Reverie aims to do away with language divide across devices & digital platforms


Reverie Language Technologies Pvt Ltd, a Bangalore-based startup which makes text communication possible in 32 languages via instant transliteration (the conversion of text from one script to another) and facilitates it across digital platforms and devices, is looking to eliminate what it terms a 'digital disability' in India.

Founded in November 2009 by the siblings, Arvind and Vivekanand Pani, and SK Mohanty, Reverie provides display technologies (language fonts and rendering engine), input method (keypads with predictive input capability) and text processing solutions (transliteration capability to render text in multiple languages) to various device manufacturers. Moreover, these solutions can be embedded not only into mobile phones, but also into set-top boxes, navigation devices and other appliances.

"Currently, majority of text communication in the digital world happens in English. But a study reveals that less than 10 per cent of the Indian population knows the language. That could be the reason why nearly 500 million people use their handsets for voice calls only. We aim to eliminate this language inequality by providing solutions for developers, hardware manufacturers and other content providers – so that they can optimise their offering to support various regional languages," said Arvind, co-founder and director of the company.
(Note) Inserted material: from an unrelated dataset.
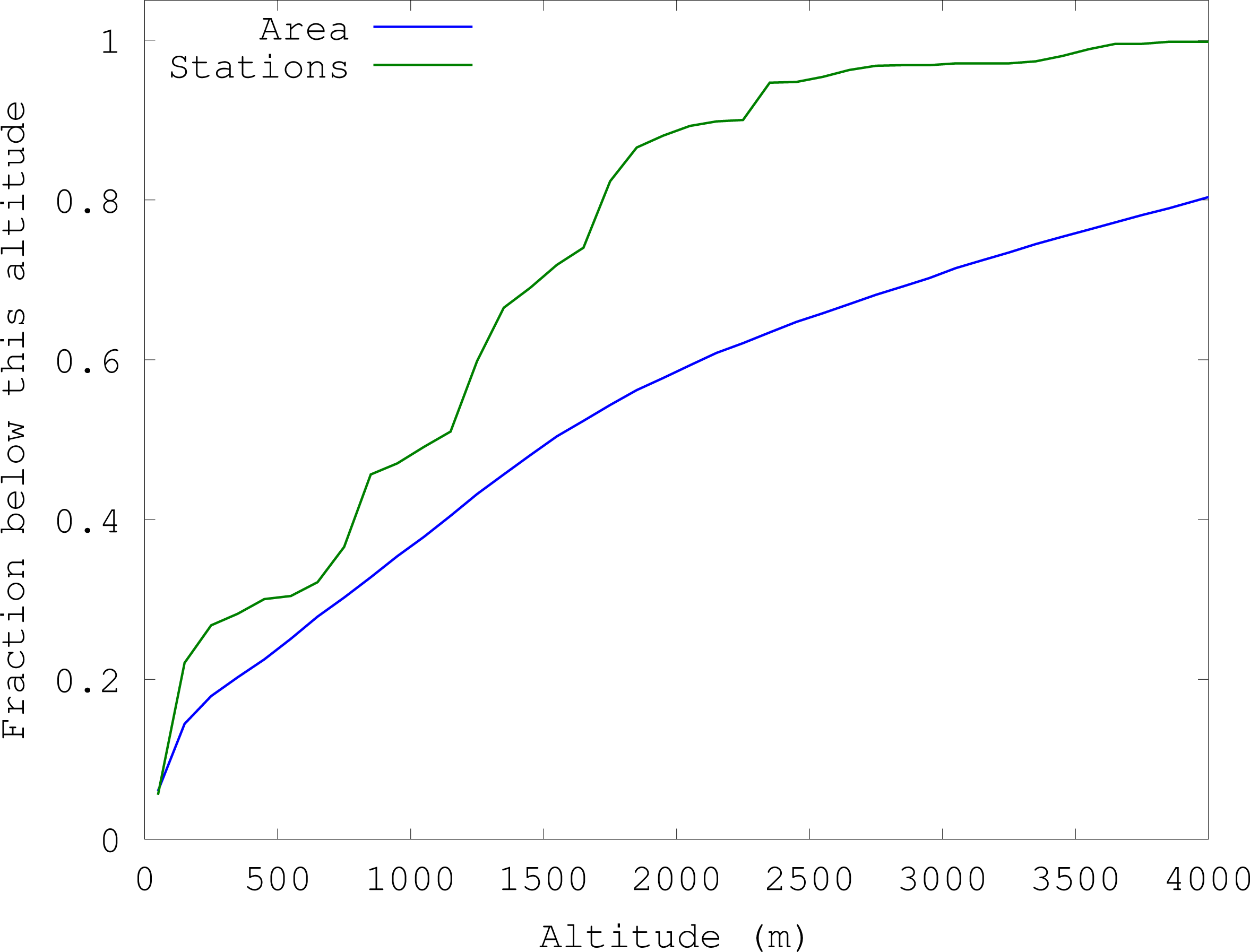 Distribution of Nepal’s area and of station precipitation measurements by altitude.

Reverie provides text input for normal keypads as well as touchscreen devices. "Our text input solutions include keypad designs, predictive typing and dictionaries. The keypads can be either physical mapping of keys or virtual," he added.

The company's products can be either integrated with devices at the OS (operating system) level or can be used for specific applications. Its solutions currently support iOS, Android, Symbian, Java, BREW MP, Samsung Bada and VRE.
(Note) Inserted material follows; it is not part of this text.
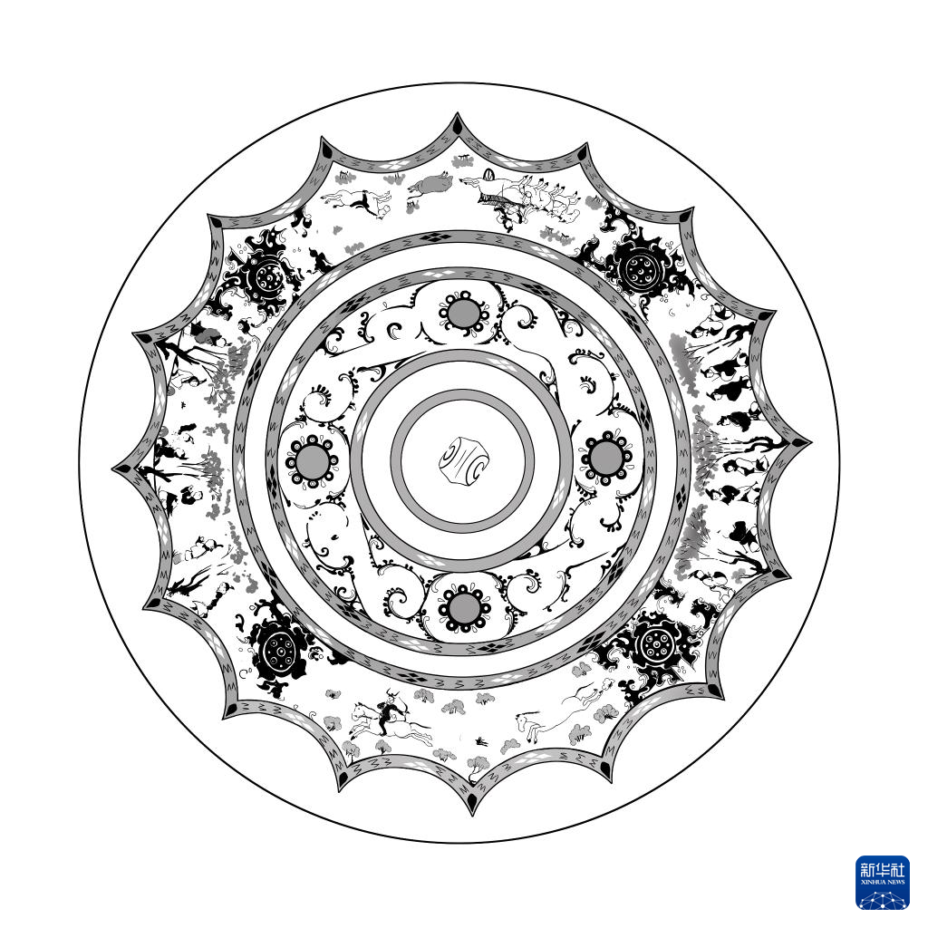 外区:红色地彩上被四个圆形纹饰分成四区,每个区隔内都绘有若干人物,展现贵族生活场景。经专家研读,四个区域按顺序可确定为出行、谒见、狩猎、宴饮四个题材。

Reverie claims its text entry designs and methodologies are very intuitive to handle all the scripts. "Our solutions make it easy to adopt the technology for entry-level handsets and make data entry as easy as speaking in native language. Our keypad has fixed character mapping which is faster than typing in English," explained Arvind.


It also offers solutions that enable content providers to deliver their content in multiple languages, based on a user's choice and the content generation tools that automatically do the text-to-audio synchronisation.  For example, the lyrics of a Hindi song can be transliterated to various other languages without affecting the song. And the same holds good for chat.

Reverie's Hindi font and rendering solution are already available on Micromax A87 and A57 mobile phone models, which don't cost more than $100. "Besides, our products consume low memory space. So, they are well-suited for sub-$50 mobile phones, tablets and set-top boxes," said Arvind.

A B2B company with 18 people on board, Reverie caters to enterprises in India, the Middle East and South-east Asian countries like Sri Lanka, Indonesia and Thailand. It is currently working on translation, text-to-speech and optical character recognition solutions.


The startup's key customers include Qualcomm, United States AID (USAID)-promoted Half The Sky, MapmyIndia, Indieon Technologies and Plustxt, among others. It is also catering to news media, e-commerce firms, content/service providers and telecom operators, apart from device OEMs.

According to Arvind, the company has already started generating revenues, but he did not disclose the details. "We are looking to break even in the next financial year and we will also seek funding around the same time," he said.

Last year, the company launched SDKs (software development kits) for application developers to enable text display, typing and transliteration in multiple languages. It supports 32 world languages including regional languages like Hindi, Malayalam, Punjabi, Kannada and international languages like Arabic, Japanese, Thai and Nepali, among others.  Android, J2ME and BlackBerry app developers can enable their apps to support those languages almost instantly. The SDK contains a set of UI controls like buttons, text boxes, edit boxes, etc.


According to Arvind, Reverie has competitors in each of its segments (text display, text input and content processing), and some of these are very large and well-established. "Breaking such barriers are challenging. However, our solutions are of good quality, simple and affordable, and those are our key strengths. We also have deep understanding of the properties of complex, non-English languages that reflect in the quality of our solutions. Such understanding and skills are not easy to develop or replicate by our competitors in a short timeframe," he noted.

Arvind sees an immense opportunity for these language-based solutions and services. "China alone has a $10 billion-plus market for local language services on mobile phones, compared to India's meagre $1.2 billion. Indian consumers spend over $2.5 billion annually on newspaper subscriptions and over $5.5 billion on TV channel subscriptions, 92-95 per cent of which are in local languages. Yet, the mobile market, in spite a much larger user base, has remained largely untapped due to lack of options for local language text consumption and interaction," he added before signing off.